A large study of women who took selective serotonin reuptake inhibitor (SSRI) antidepressants in the month before pregnancy and throughout the first trimester suggests that there is a smaller risk of birth defects associated with SSRI use than previously thought, though some risks were elevated in women who took paroxetine or fluoxetine.
The 2015 study, by Jennita Reefhuis and colleagues in the journal BMJ, investigated the drugs citalopram, escitalopram, fluoxetine, paroxetine, and sertraline, and examined birth defects that had previously been associated with SSRI use in smaller studies. The participants were 17,952 mothers of infants with birth defects and 9,857 mothers of infants without birth defects who had delivered between 1997 and 2009.
Sertraline was the most commonly used SSRI among the women in the study. None of the birth defects included in the study were associated with sertraline use early in pregnancy. The study found that some birth defects were 2 to 3.5 times more likely to occur in women who had taken fluoxetine or paroxetine early in their pregnancies.
Five different birth defects, while uncommon, were statistically linked to paroxetine use: anencephaly (undersized brain), heart problems including atrial septal defects and right ventricular outflow tract obstruction defects, and defects in the abdominal wall including gastroschisis and omphalocele. Two types of birth defects were associated with fluoxetine use: right ventricular outflow tract obstruction defects and craniosynostosis (premature fusion of the skull bones). Absolute incidence of these defects was also low.

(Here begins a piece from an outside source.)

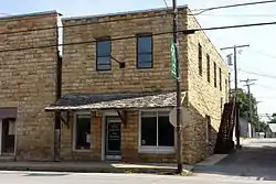 The Farmers and Merchants Bank is a historic commercial building on Main Street, facing the courthouse square, in Mountain View, Arkansas. It is a two-story stone structure, with a flat roof obscured by a parapet. Built out of rusticated stone, it has vernacular Romanesque styling in its rounded window and door openings on the first floor, and its crenellations at the top of the parapet. It was built in 1910, during the city's first major period of stone construction, by Bill Laroe, who also built the Stone County Courthouse.[2]

Despite repeated studies, including meta-analyses, showing that antidepressants that work in unipolar depression do not work in bipolar depression as adjuncts to mood stabilizers, antidepressants remain widely used for the treatment of bipolar depression. A recent study of the antidepressant agomelatine has shown that it is not effective in bipolar depression. In patients taking lithium or valproate but still depressed, agomelatine was no better than placebo at reducing depression.
Agomelatine has an unusual mechanism of action (blockade of 5HT-2C receptors and activation of melatonin M1 and M2 receptors) that helps normalize sleep and circadian rhythms, but only in unipolar depression. Until this study by Lakshmi Yatham and colleagues in the British Journal of Psychiatry, it was thought that these properties would make the drug ideal for bipolar depression.

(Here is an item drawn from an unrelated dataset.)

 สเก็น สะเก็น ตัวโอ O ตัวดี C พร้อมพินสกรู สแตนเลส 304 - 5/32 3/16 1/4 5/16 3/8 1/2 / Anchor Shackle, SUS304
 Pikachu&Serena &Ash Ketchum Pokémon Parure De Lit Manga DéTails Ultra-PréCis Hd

Three atypical antipsychotics are have been approved by the Federal Drug Administration for bipolar depression: quetiapine (Seroquel), lurasidone (Latuda), and the olanzepine-fluoxetine combination Symbyax. These, used alongside mood stabilizers (lithium, valproate, carbamazepine, and lamotrigine) are more effective treatments for bipolar depression. There are other adjunctive treatments that may be helpful, such as the antioxidant N-acetylcysteine, vitamin D3, and folate.
In a six-month study of Caucasian patients, normal variations in the gene that is responsible for brain-derived neurotrophic factor (BDNF) predicted whether patients would respond better to a selective serotonin reuptake inhibitor (SSRI) antidepressant versus a serotonin and norepinephrine reuptake inhibitor (SNRI) or a tricycle antidepressant. There are several common variants of the BDNF gene, depending on which types of amino acids appear in its coding—valine or methionine. Patients with the most common version, two valines (or Val66Val), responded better to SSRIs. About two-thirds of the population has this version of the gene, which functions most efficiently. The remaining third have at least one methionine in the BDNF gene. Patients with a Met variation responded better to SNRIs and tricyclic antidepressants.

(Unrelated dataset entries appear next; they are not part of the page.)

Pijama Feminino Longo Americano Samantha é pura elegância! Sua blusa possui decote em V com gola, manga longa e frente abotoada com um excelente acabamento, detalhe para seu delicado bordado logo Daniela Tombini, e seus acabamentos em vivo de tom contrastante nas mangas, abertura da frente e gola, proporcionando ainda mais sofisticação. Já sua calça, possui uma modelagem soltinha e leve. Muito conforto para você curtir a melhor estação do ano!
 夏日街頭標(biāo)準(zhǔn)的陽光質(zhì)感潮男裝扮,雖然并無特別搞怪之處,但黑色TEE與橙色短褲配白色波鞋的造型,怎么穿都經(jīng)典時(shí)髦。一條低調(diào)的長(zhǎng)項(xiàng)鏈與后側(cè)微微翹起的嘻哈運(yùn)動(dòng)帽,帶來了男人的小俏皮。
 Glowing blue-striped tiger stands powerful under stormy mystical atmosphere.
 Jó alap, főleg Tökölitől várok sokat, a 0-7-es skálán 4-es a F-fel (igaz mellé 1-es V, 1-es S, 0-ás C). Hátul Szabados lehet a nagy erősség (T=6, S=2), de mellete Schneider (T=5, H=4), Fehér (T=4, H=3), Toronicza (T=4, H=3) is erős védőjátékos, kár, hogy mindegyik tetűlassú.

The study by R. Colle and colleagues was published in the Journal of Affective Disorders in 2015. Of the patients who were prescribed SSRIs, 68.1% of patients with the Val/Val version responded to the medication after three months, compared to 44% of the patients with a Met version. Of patients prescribed SNRIs or tricyclics, 60.9% of the Met patients reached remission by six months, compared to only 33.3% of the Val/Val patients.
Editor’s Note: In an earlier BNN we reported that according to research published by Gonzalo Laje and colleagues in the journal Biological Psychiatry in 2012, depressed patients with the better functioning Val66Val allele of BDNF respond best to ketamine, while those with the intermediate functioning Val66Met allele respond less well.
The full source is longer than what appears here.